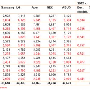 Номинация «мониторы», занимавшая два года назад седьмое место в рейтинге популярности товарных линеек, на этот раз спустилась еще на две ступеньки. Доля тех, кто продает эти устройства, в общем количестве участников опроса снизилась с 73% (в 2010 г.) до 58%. Во время кризиса этот сегмент ИТ-рынка пострадал не меньше других, а потом еще довольно долго «приходил в себя». По данным аналитической компании ITResearch, объем российского рынка мониторов по итогам 2009 г. составил 4,75 млн. шт., или 0,95 млрд. долл. Падение по сравнению с 2008 г. составило 35% в натуральных и 52% — в денежных показателях. Показатели 2010 г. более оптимистичны. По данным ITResearch, в августе 2010 г. на российском рынке было продано более 525 тыс. мониторов, что на 18% больше уровня июля. В годовом исчислении рост составил 38%. Правда, показывать положительную динамику год к году этот рынок после длительного перерыва начал только в марте 2010 г. (по сравнению с мартом 2009 г. продажи прибавили почти 21%). Тот же источник утверждает (https://www.novostiitkanala.ru/numbers/spec-numbers/detail.php?ID=64971), что спустя два года «этот рынок так и не вышел на докризисный уровень и уже вряд ли выйдет». По данным ITResearch, в 2011 г. было продано 5,62 млн. мониторов (столько же, сколько и в 2010 г.). Если же говорить о денежном выражении, то «из-за существенного снижения средневзвешенной стоимости аппаратов объем рынка в деньгах только чуть-чуть перевалил за отметку в 1 млрд. долл ... читать далее.
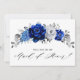 Elegantes königsblau weißes Silbermotiv werden Sie meine Trauzeugin Einladung mit elegantem Bouquet von Royal Blue, Navy, Silber, reine Weiß-Rose Blume Knospen und Salbei grün Eukalyptus Blätter. Bitte kontaktieren Sie mich für Hilfe bei der Anpassung oder wenn Sie ein anderes Produkt mit diesem Design benötigen.
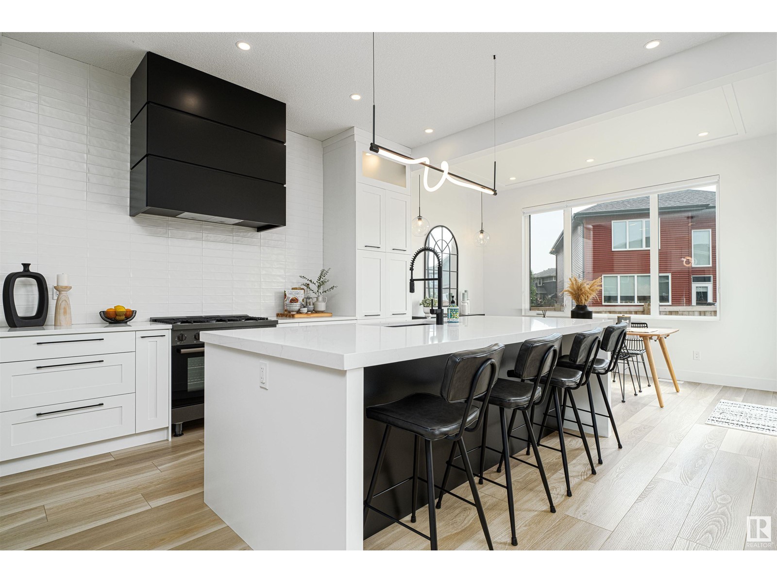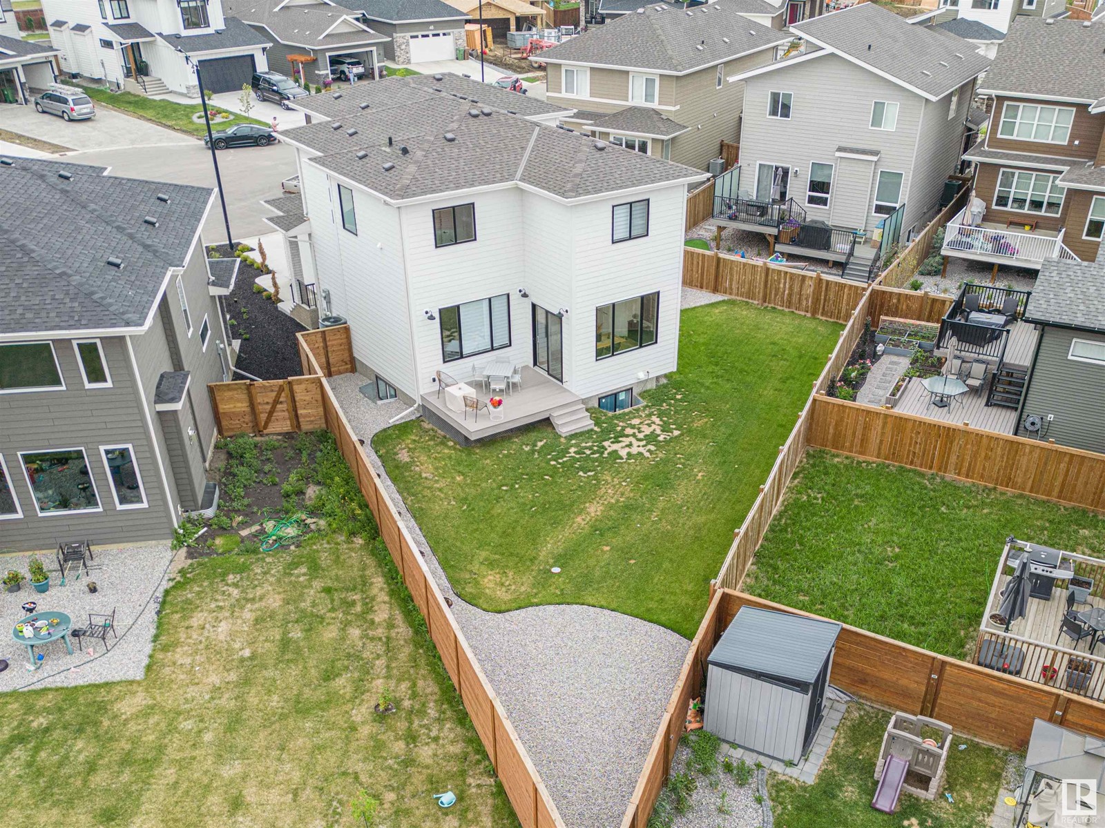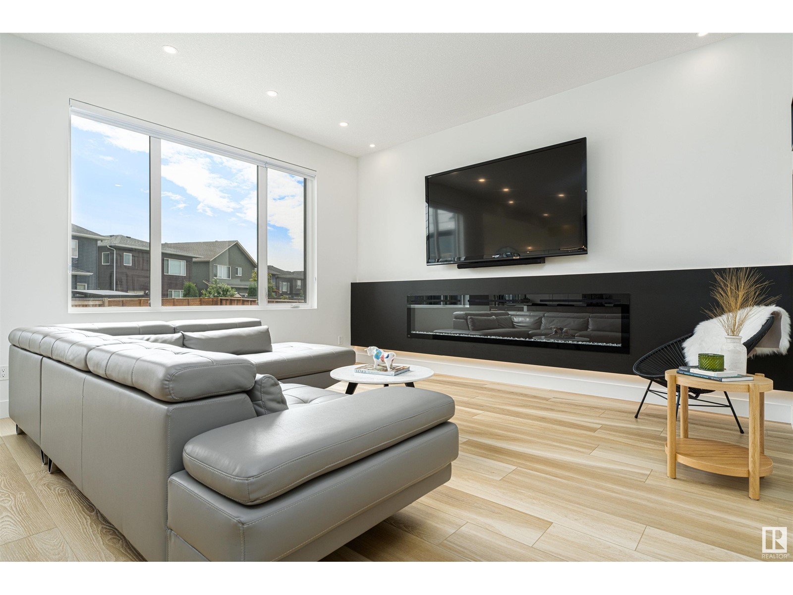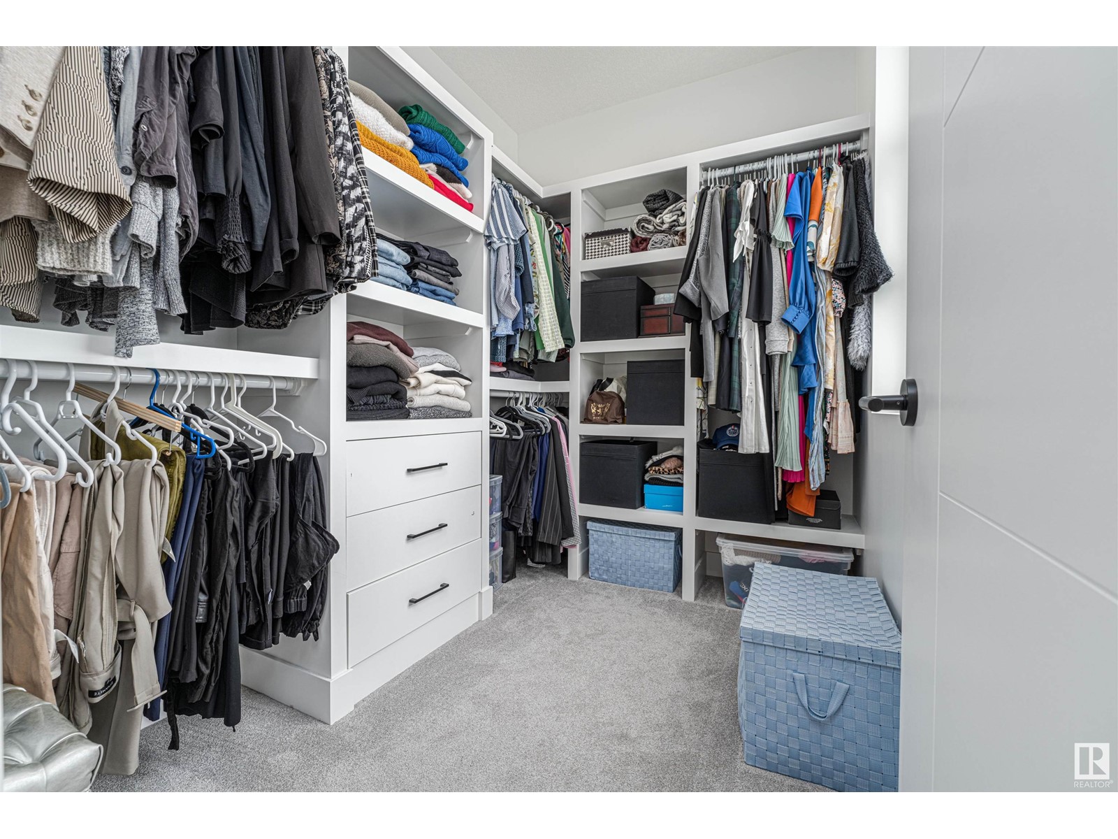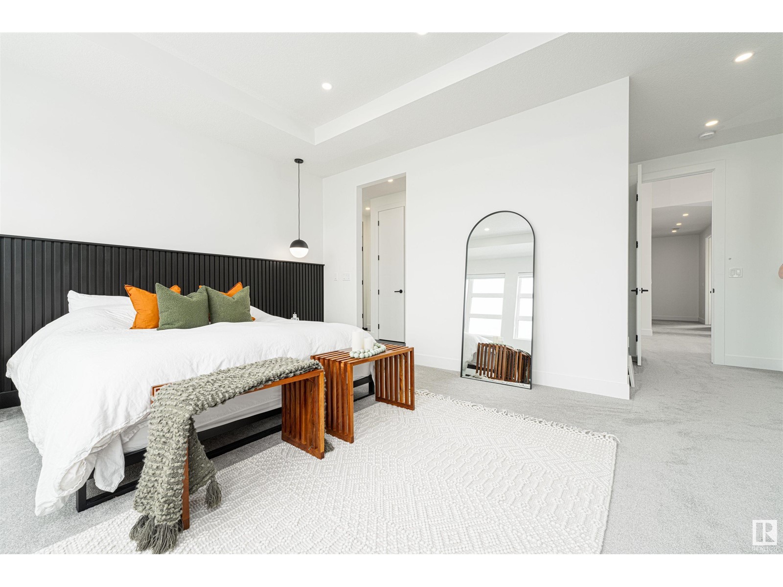 Step inside your new dream home. This 2503 SF custom-built home sits in a private quiet crescent located in the heart of Riverside St. Albert. Boasting an oversized heated triple car garage with upgraded finished concrete floor, a large backyard with complete landscaping and a maintenance free deck. Featuring: 10-foot main floor ceilings and 9-foot-vaulted second floor, wide vinyl plank flooring, pet friendly carpet underlay, feature walls with LED accent lighting, oversized linear fireplace, walk through pantry, quartz countertops, luxury Bosch appliances with a 36-inch gas range. As well as, custom cabinetry, shelving and closets, his and hers walk-in closets, modern iron railings, smart control home and A/C. This home has it all. The modern finishes and design are truly timeless. Immerse yourself in acres of lush forest, numerous walking trails, nearby amenities, and the beauty of Big Lake and Lois Hole Provincial Park, all within steps of this stunning home. (id:22211)

**About this task**
Please return only the lines from the one holding "Elegantes königsblau weißes" through the end of the data, both ends included; do not copy any pictures.

**Answer to this problem**
 Elegantes königsblau weißes Silbermotiv werden Sie meine Trauzeugin Einladung mit elegantem Bouquet von Royal Blue, Navy, Silber, reine Weiß-Rose Blume Knospen und Salbei grün Eukalyptus Blätter. Bitte kontaktieren Sie mich für Hilfe bei der Anpassung oder wenn Sie ein anderes Produkt mit diesem Design benötigen.
 Step inside your new dream home. This 2503 SF custom-built home sits in a private quiet crescent located in the heart of Riverside St. Albert. Boasting an oversized heated triple car garage with upgraded finished concrete floor, a large backyard with complete landscaping and a maintenance free deck. Featuring: 10-foot main floor ceilings and 9-foot-vaulted second floor, wide vinyl plank flooring, pet friendly carpet underlay, feature walls with LED accent lighting, oversized linear fireplace, walk through pantry, quartz countertops, luxury Bosch appliances with a 36-inch gas range. As well as, custom cabinetry, shelving and closets, his and hers walk-in closets, modern iron railings, smart control home and A/C. This home has it all. The modern finishes and design are truly timeless. Immerse yourself in acres of lush forest, numerous walking trails, nearby amenities, and the beauty of Big Lake and Lois Hole Provincial Park, all within steps of this stunning home. (id:22211)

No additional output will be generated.